---- Provided records
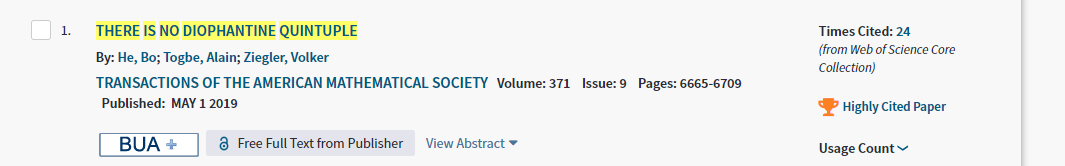 【本网讯】根据2020年7月ESI公布的数据显示,我校数学学院教师何波在2019年5月发表在国际著名数学刊物Trans. Amer. Math. Soc.杂志(中科院JCR二区Top杂志)上的论文“There is no Diophantine quintuple”成功入选“数学”学科全球ESI高被引论文。该论文由何波副研究员与美国Purdue大学A. Togbe教授和奥地利Salzburg大学V.Ziegler教授合作完成。目前,Web of Science数据库显示该文献已经被引用24次。这是我校首篇入选ESI全球前1%高被引论文,也是我校数学学科建设中取得的重要科学研究成果。
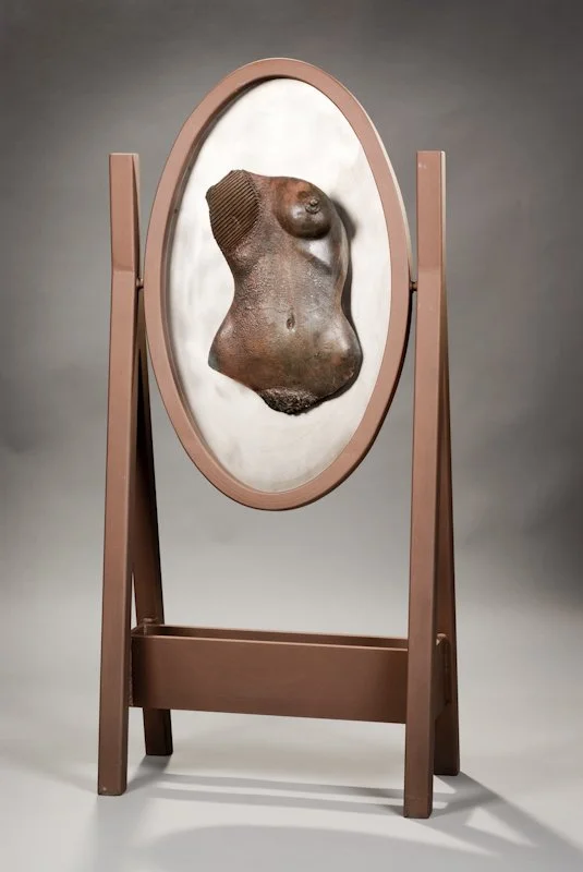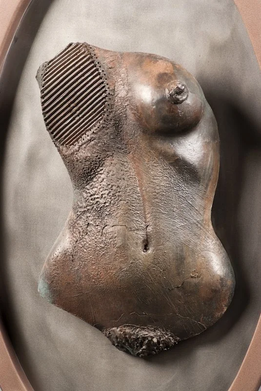 A reassembled torso supported by exposed steel armature, this work speaks to repair that remains visible—healing as a new configuration rather than a return to “before.”
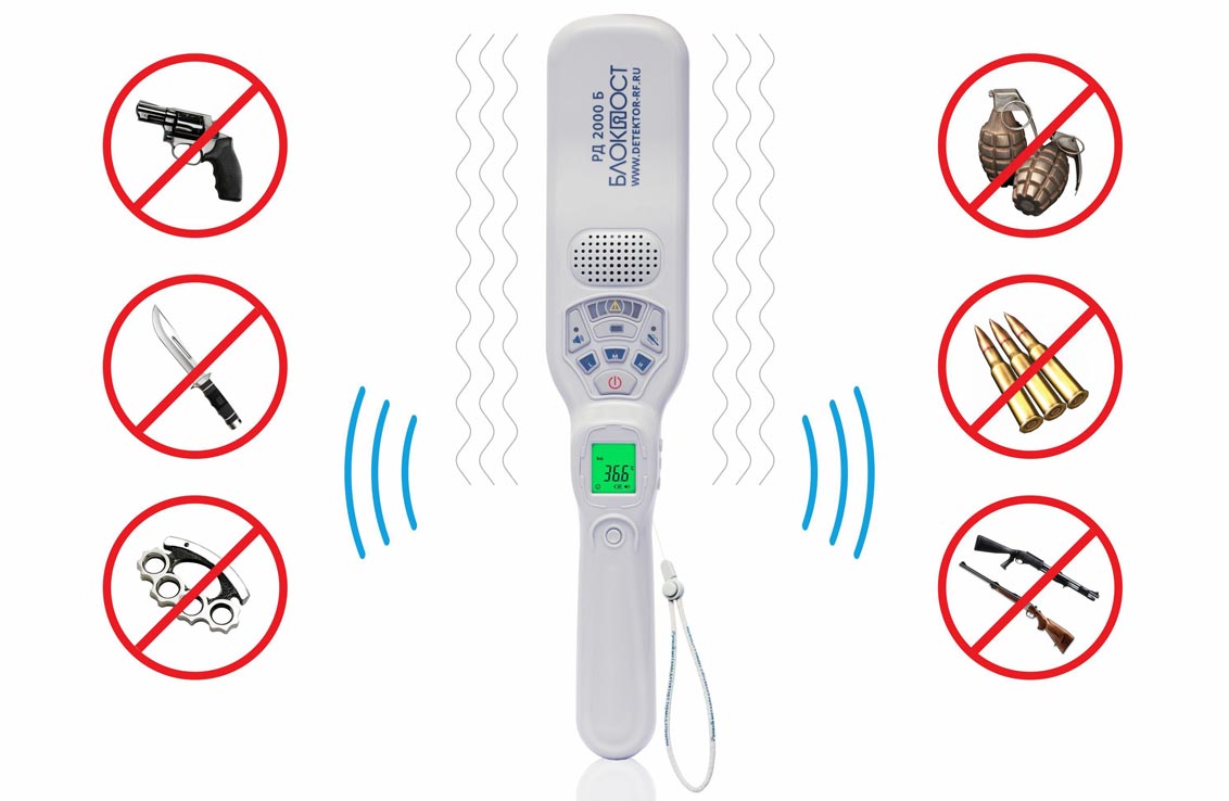 Ручной металлодетектор РД 2000 Б обнаруживает предметы, содержащие или целиком изготовленные из магнитного и не магнитного металла, которые размещены в одежде и на теле человека.
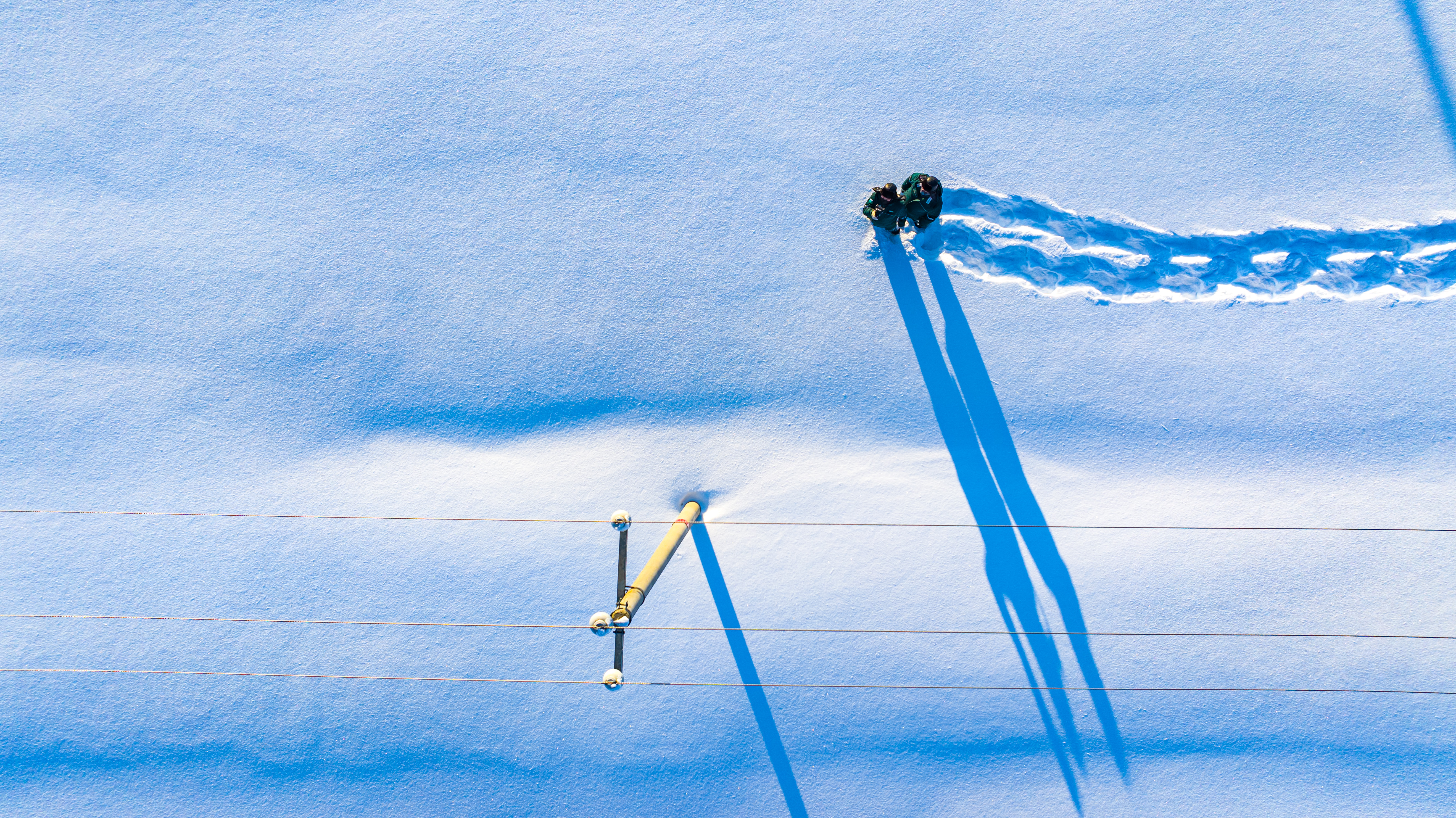 1月16日,吐尔洪乡供电所员工在检修故障线路(无人机照片)。新华社记者 胡虎虎 摄
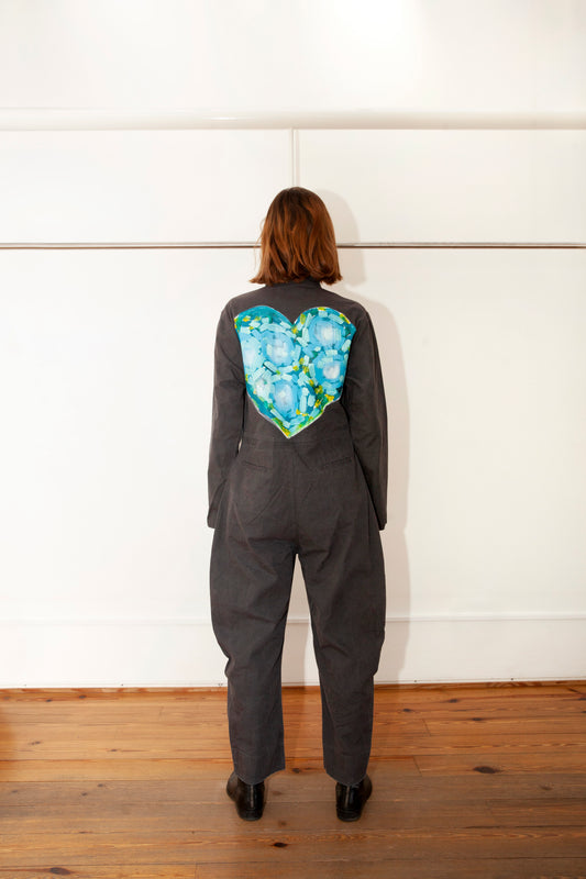 Overall made of italian linen (100%linen) and denim (98%cotton 2%spandex), with a variety patch of...
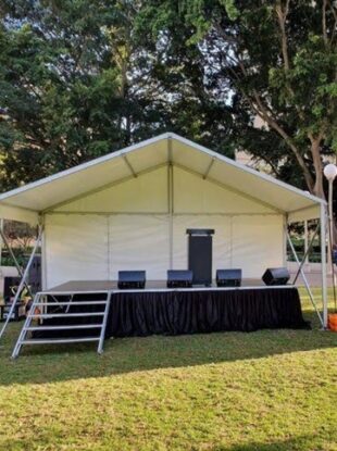 Create a professional and stylish stage setup with our canopy stages, perfect for outdoor concerts, corporate events, and weddings.
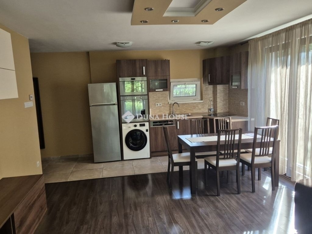 Alsórákos kedvelt, rendezett társasházakkal kialakított, zöldövezeti részén, csendes mellékutcában eladó egy 2015-ben magas minőségben épült, 7 lakásos társasház földszintjén található, tehermentes, 67 m2-es, amerikai konyhás nappali + két külön nyíló hálószobás, dupla klímás lakás terasszal és kertkapcsolattal. A remek lehetőségeket nyújtó kertrész - folyamatosan kertész által gondozott, osztatlan közös tulajdonú, de mivel a lakás közvetlen kertkapcsolata, így csak a lakásban élők használják - kiváló lehetőség kisgyerekkel, háziállattal, vagy azok számára, akik a városi életvitelük kapcsán egy családi házat nem szeretnének fenntartani, de vágynak egy kis saját zöld területre. Vételár részét képezi a gépesített konyhabútor, a teremgarázs beálló és a tároló. A beálló az átlagosnál nagyobb méretű és akár szeparálható is, a tároló pedig közvetlenül a beálló mögött helyezkedik el.
--------
** Work required **
Of the lines above, quote exactly those from the one with "1月16日,吐尔洪乡供电所员工在检修故障线路(无人机照片)。新华社记者 胡虎虎 摄" through the one with "Create a professional", ends included; pictures stay out.

** Response area **
 1月16日,吐尔洪乡供电所员工在检修故障线路(无人机照片)。新华社记者 胡虎虎 摄
 Overall made of italian linen (100%linen) and denim (98%cotton 2%spandex), with a variety patch of...
 Create a professional and stylish stage setup with our canopy stages, perfect for outdoor concerts, corporate events, and weddings.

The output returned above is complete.